*Your instructions:* Leave the images aside and repeat the whole listing exactly.

*Recorded information:*

+---+

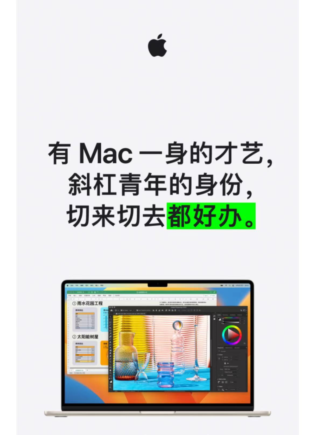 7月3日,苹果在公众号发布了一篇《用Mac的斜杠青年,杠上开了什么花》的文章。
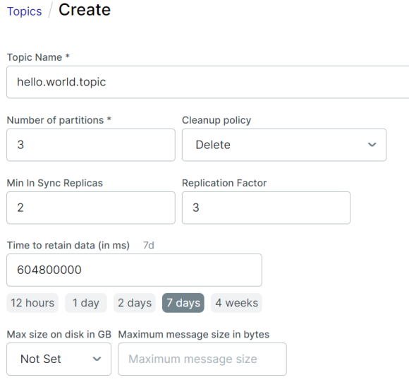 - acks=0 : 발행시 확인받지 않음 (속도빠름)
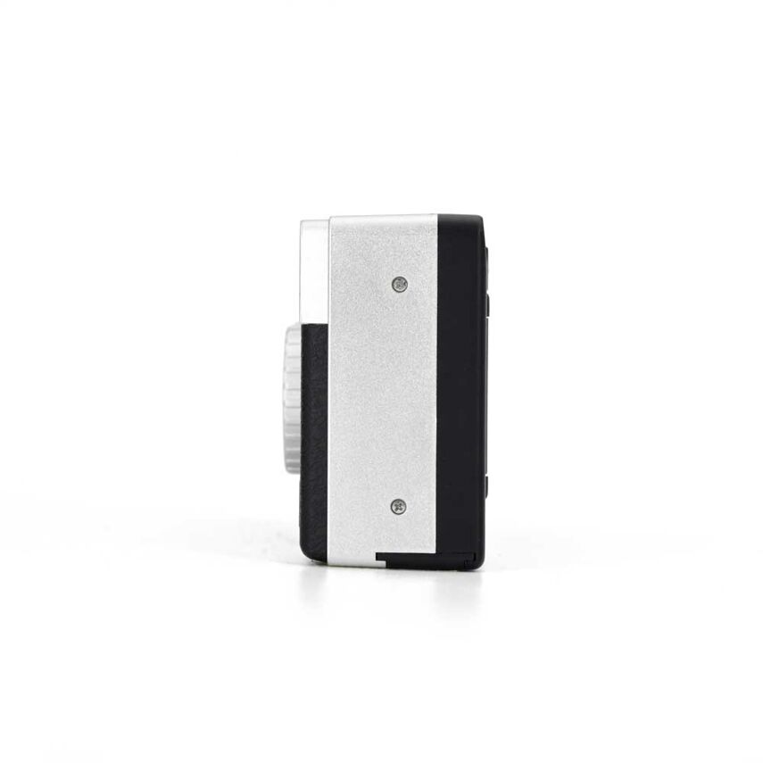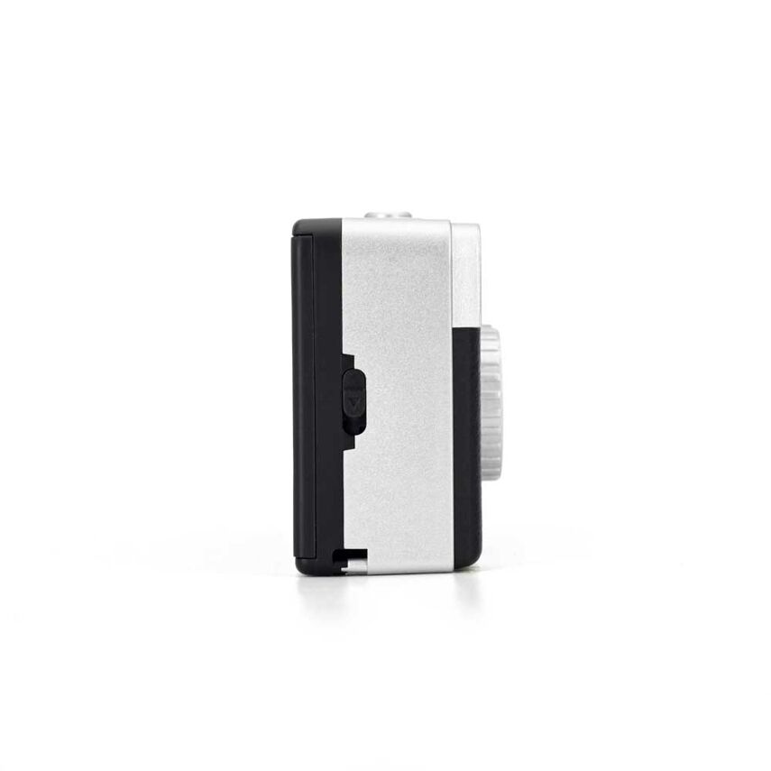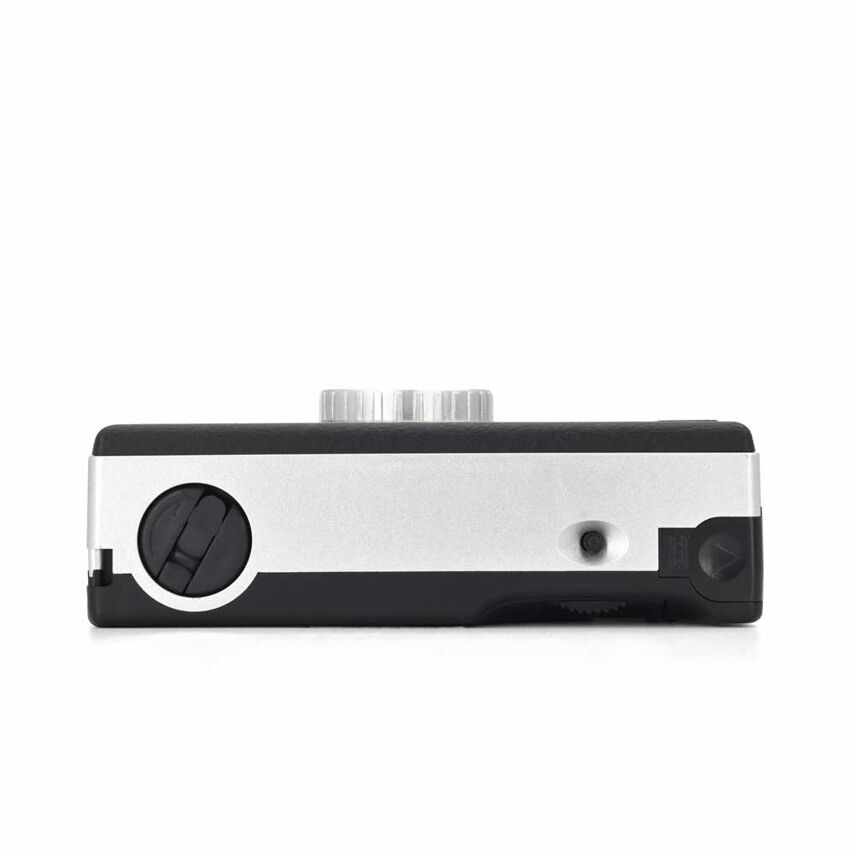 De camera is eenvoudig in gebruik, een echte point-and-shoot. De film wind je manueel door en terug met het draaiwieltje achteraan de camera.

+---+

*Answer:*
 7月3日,苹果在公众号发布了一篇《用Mac的斜杠青年,杠上开了什么花》的文章。
 - acks=0 : 발행시 확인받지 않음 (속도빠름)
 De camera is eenvoudig in gebruik, een echte point-and-shoot. De film wind je manueel door en terug met het draaiwieltje achteraan de camera.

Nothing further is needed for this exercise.